Consistently with the putative role of LAT-1 as a regulator of cAMP, lat-1 mutant embryos display decreased levels of the second messenger. We cannot exclude that this decrease is exclusively a consequence of absence of LAT-1 signals in the cells of the early embryo. As there is evidence for the receptor to mediate effects in other cells as well [14], it is conceivable that these are also mediated via cAMP.
Combined with the functional in vitro data our analyses on rescue of lat-1 mutant defects by stimulating a Gs-mediated signal suggest that a GPCR cascade via a cAMP regulation is one essential pathway for the coordination of anterior-posterior cell division plane orientation in embryogenesis.

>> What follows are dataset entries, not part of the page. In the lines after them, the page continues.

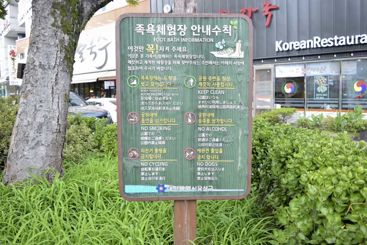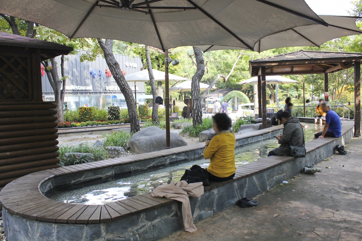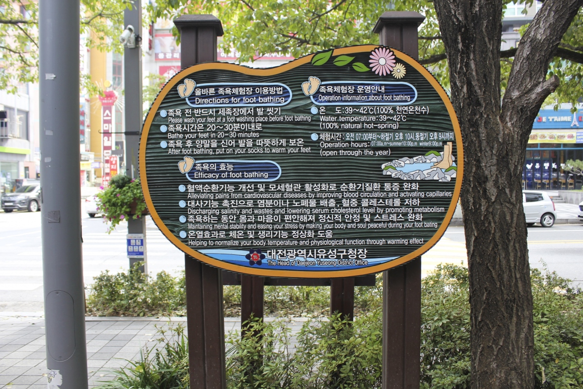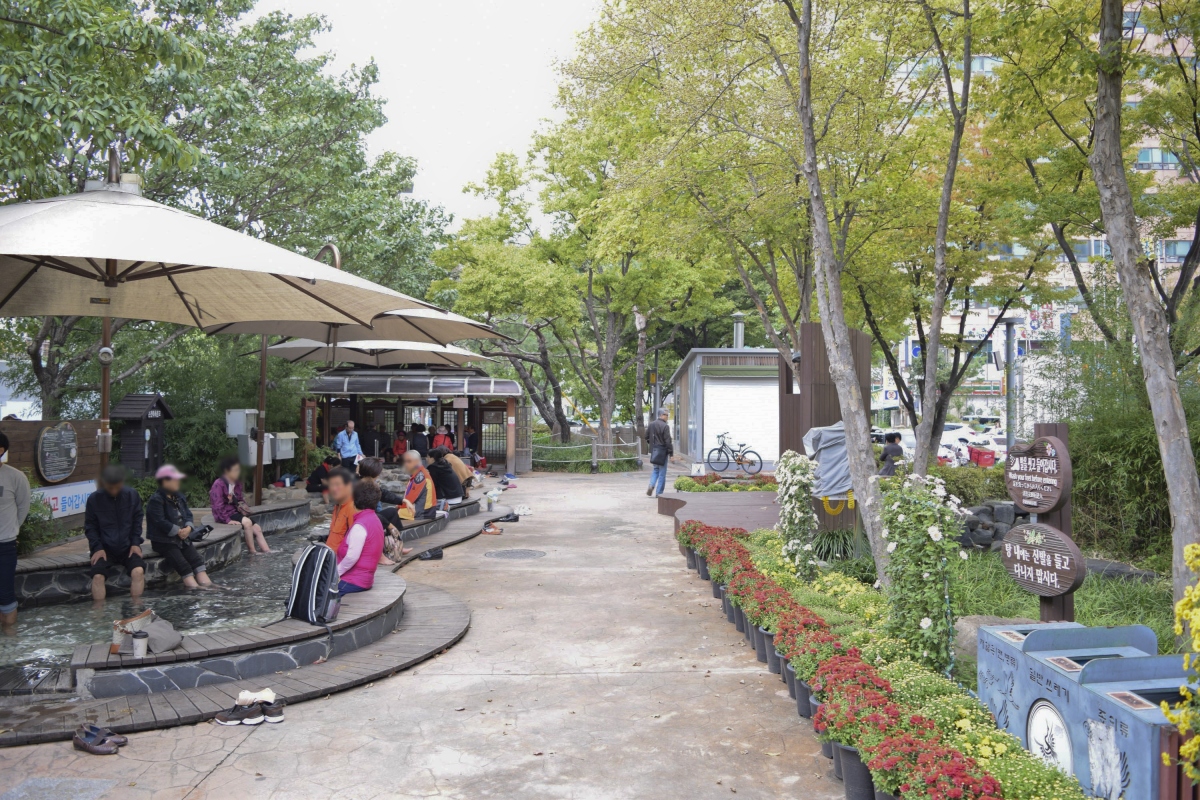유성온천특구로 지정된 온천관광지 도심 한복판에 사철 뜨끈뜨끈한 온천수가 콸콸 흐르는 족욕탕은 무료로 개방되어 있어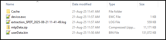 В папке с извлеченными данными должны находиться два файла: mtpData.zip с файловой системой и userData.bin с физическим образом.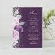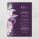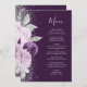 Den här elegantens moderna bröllop-meny har en lila- och lavender-blommigt som trimmas med faux silver glitter. Anpassadet kombinerar handskriftsskript och typsnitt i silver grått på djup lila. På baksidan upprepas blommigtens utformning.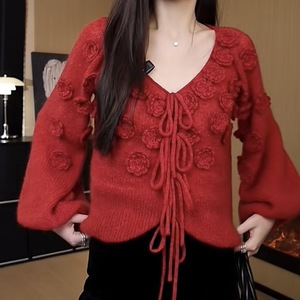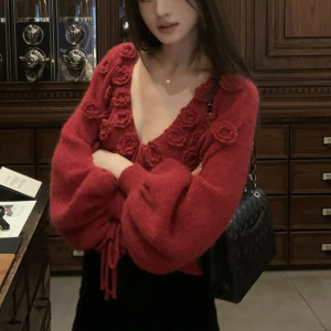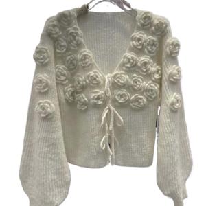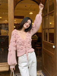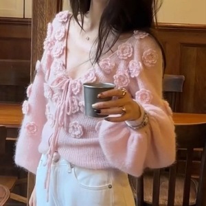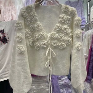 2025新款花朵温柔甜美针织设计开衫法式秋冬毛衣立体外套新款上衣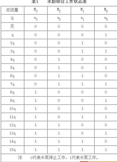 在文獻[1]中提出了一種不使用變頻器(或氣壓罐)的自動穩(wěn)壓給水方法,即二進制變流量水泵組合穩(wěn)壓給水方法,現(xiàn)介紹如下:
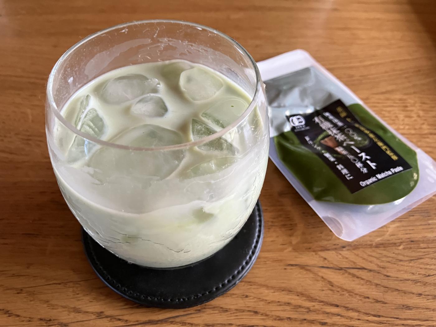 抹茶ペーストを小さじ2杯と同量の水、オリゴ糖を入れたグラスに牛乳120ccと氷を加えて混ぜるだけ。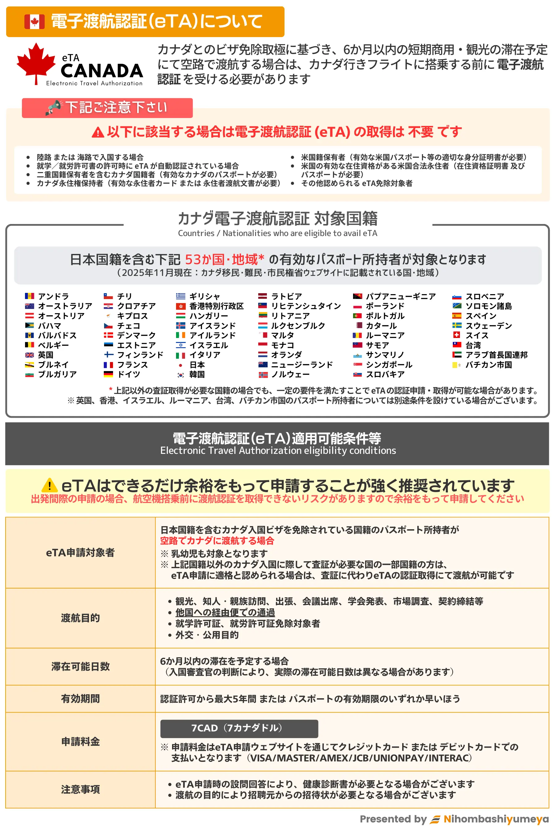 (日本国籍以外の方につきましては、カナダ政府公式ウェブサイト 等にてご確認下さい)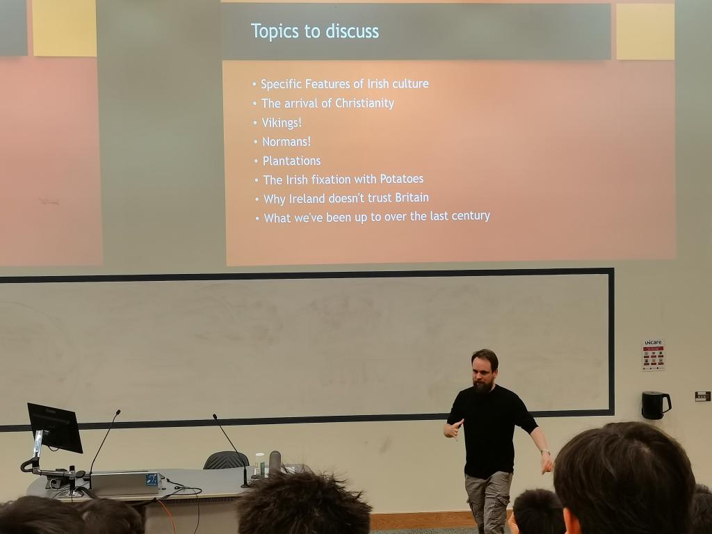 UCD夏令营主办方还邀请到 Aidan O’Reilly教授开展关于爱尔兰历史的讲座。O’Reilly教授以生动活跃的方式讲述了爱尔兰走向独立的历史进程,并与同时期中国历史相结合,使同学们对历史的变迁及所在土地的厚重感有了更深层次的理解。
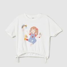 Turn your little girl's playtime into a fashion fiesta with this beautiful t-shirt featuring graphic prints, short sleeves, and a tie-up detail at the back.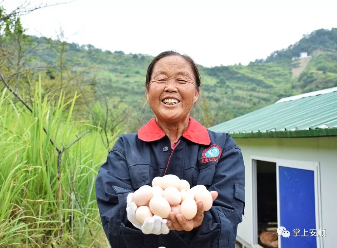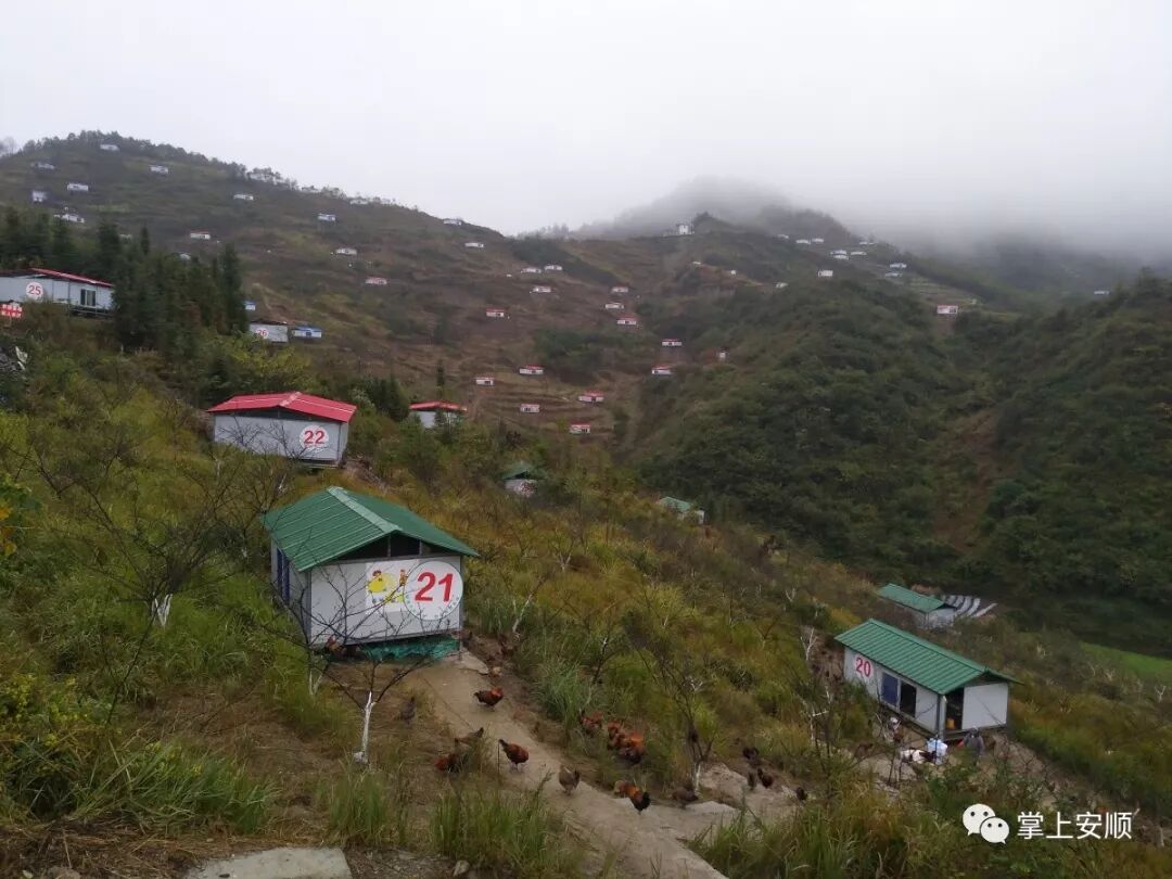 爬上紫云县松山街道办新民村打落岩组的后山上,站在半山腰的平台处,放眼望去,昔日的荒野山坡上,一个个蛋鸡鸡舍整齐划一地摆放着。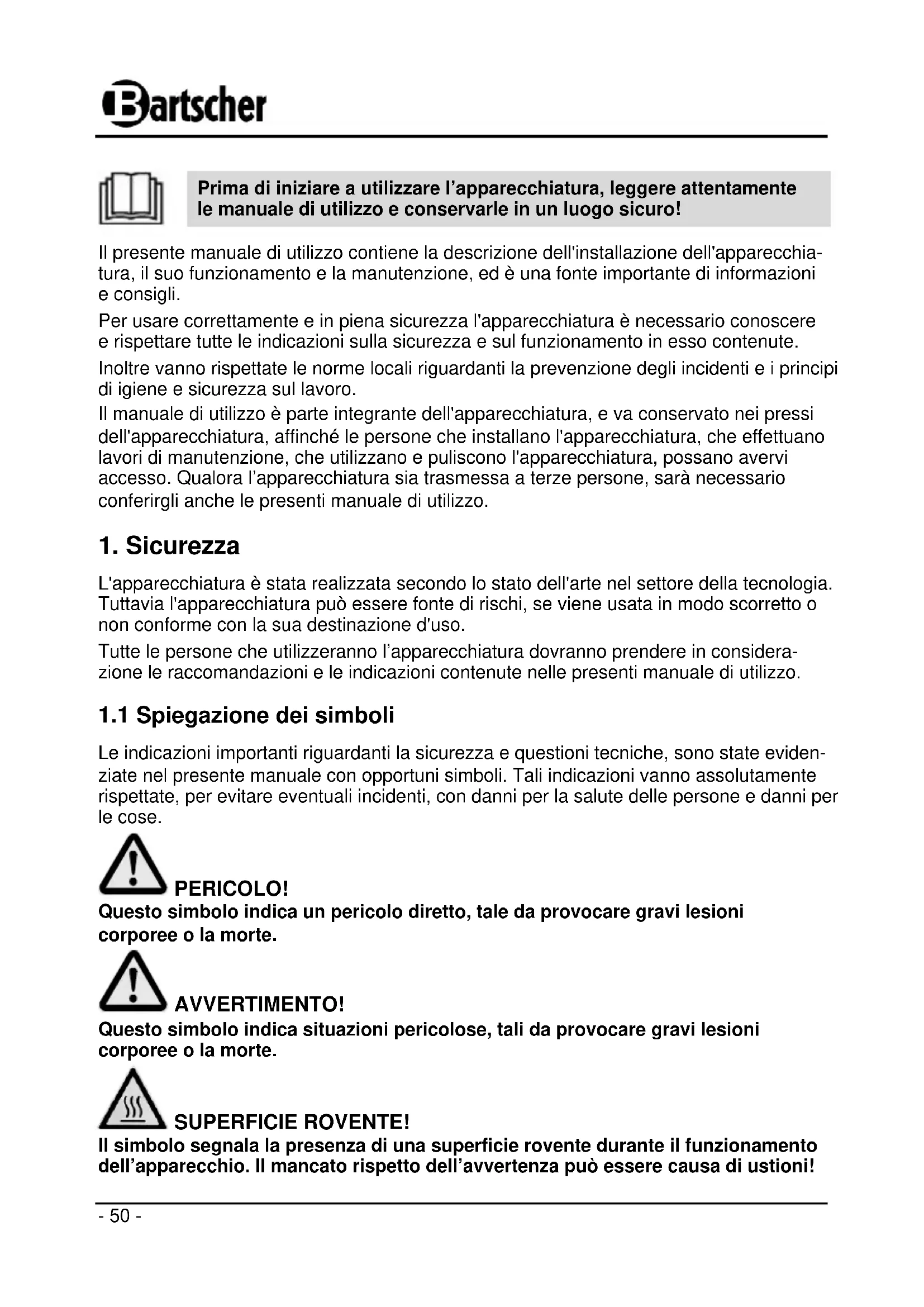 Le indicazioni importanti riguardanti la sicurezza e questioni tecniche, sono state eviden- ziate nel presente manuale con opportuni simboli. Tali indicazioni vanno assolutamente rispettate, per evitare eventuali incidenti, con danni per la salute delle persone e danni per le cose. PERICOLO! Questo simbolo indica un pericolo diretto, tale da provocare gravi lesioni corporee o la morte. AVVERTIMENTO! Questo simbolo indica situazioni pericolose, tali da provocare gravi lesioni corporee o la morte. SUPERFICIE ROVENTE! Il simbolo segnala la presenza di una superficie rovente durante il funzionamento dell’apparecchio. Il mancato rispetto dell’avvertenza può essere causa di ustioni!- 51 - PRUDENZA! Questo simbolo indica la possibile comparsa di situazioni pericolose, tali da provocare lesioni leggere, il danneggiamento, il malfunzionamento e/ o la rottura dell'apparecchiatura. INDICAZIONE! Questo simbolo indica i consigli e le informazioni a cui attenersi per garantire un utilizzo dell'apparecchiatura privo di problemi ed efficace.

Our data indicate that the G protein involved in this cascade is GSA-1 (Fig 2A–2E). The major pathways involved in polarity decisions in the early embryo such as Notch/Delta and Wnt/Fz have been shown to mediate signals via routes different from G proteins [4,13]. However, the Wnt/Fz pathway component APC in C. elegans feeds into Rac [45] which supports a scenario in which spindle directions are also regulated by differential G-protein signaling. The signals mediated by these G proteins remain widely elusive, but involvement of different intracellular signals warrants a precise regulation and avoids intersection of the multitude of signaling pathways required to ensure tightly controlled oriented cell division. It could be speculated that LAT-1 contributes an additional signal via a Gs protein/adenylyl cyclase introducing a new level of regulation.
Interestingly, our data suggest that the cAMP-based signal mediating this polarity is not polar and thus, LAT-1 is not required to be asymmetrically localized prior to ABal cell division. Consistently, no asymmetrical distribution of LAT-1 has been found previously [14]. This is in contrast to asymmetric protein localization that has been described for many components of pathways involved in planar cell polarity (PCP) or Wnt/Fz signaling [3] but in accordance with some anterior-posterior tissue polarity models [47]. However, it is well possible that the signal transduced by LAT-1 to mediate an effect on polarity is polarized further downstream through effectors of cAMP such as protein kinases A (PKA) or A kinase anchoring proteins (AKAP). This effect has been shown for a cAMP-dependent PKA in the establishment of neuronal polarity [48,49]. It is also conceivable that the polarized effect of LAT-1 signaling is promoted by a temporal cue which could not be investigated in this study.
In order to transduce signals LAT-1 is activated by a tethered agonist downstream of the GPS. In vitro and in vivo analyses identified a sequence of 12 amino acids exhibiting agonistic properties (Figs 3B and 4B). These findings are in accordance with recent data on GPR126 and GPR133 which revealed similar agonistic regions, termed Stachel sequences [24]. The biological implications of both studies are intriguing as they raise the hypothesis that several aGPCR share the same mechanism of activation.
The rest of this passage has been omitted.